This guide explains how the watchdog server works in simple terms. It focuses on how the server checks a controller's license and provides the correct settings based on which department it belongs to. It also includes a new section on the key expiry feature and instructions on accessing the Grafana dashboard for data analytics.

Workflow

Step 1: Sending Information from the Controller

The controller gathers details about itself, such as:

  • Unique ID (GUID)
  • Hostname (name of the computer)
  • Version (software version)
  • IP addresses
  • MAC address (unique identifier for network interfaces)
  • Operating system (OS)
  • Label (a tag to identify the machine)

This information is sent to the /api/check-license/ endpoint on the watchdog server.

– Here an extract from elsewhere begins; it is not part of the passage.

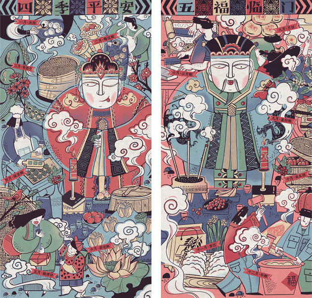 灶神年画2018之江南四时糕点

Step 2: Checking the License

The server receives the information and checks if the license is valid. It ensures all required details are present and that the GUID is formatted correctly. If everything checks out and the GUID is not already in use, it registers the GUID. If the number of active devices exceeds the allowed limit, the request is denied.

Step 3: Matching Information to Configuration Settings

The server reads the configuration and mapping files. It uses the details from the controller to find the best matching department based on criteria like label, IP address, hostname, MAC address, and operating system.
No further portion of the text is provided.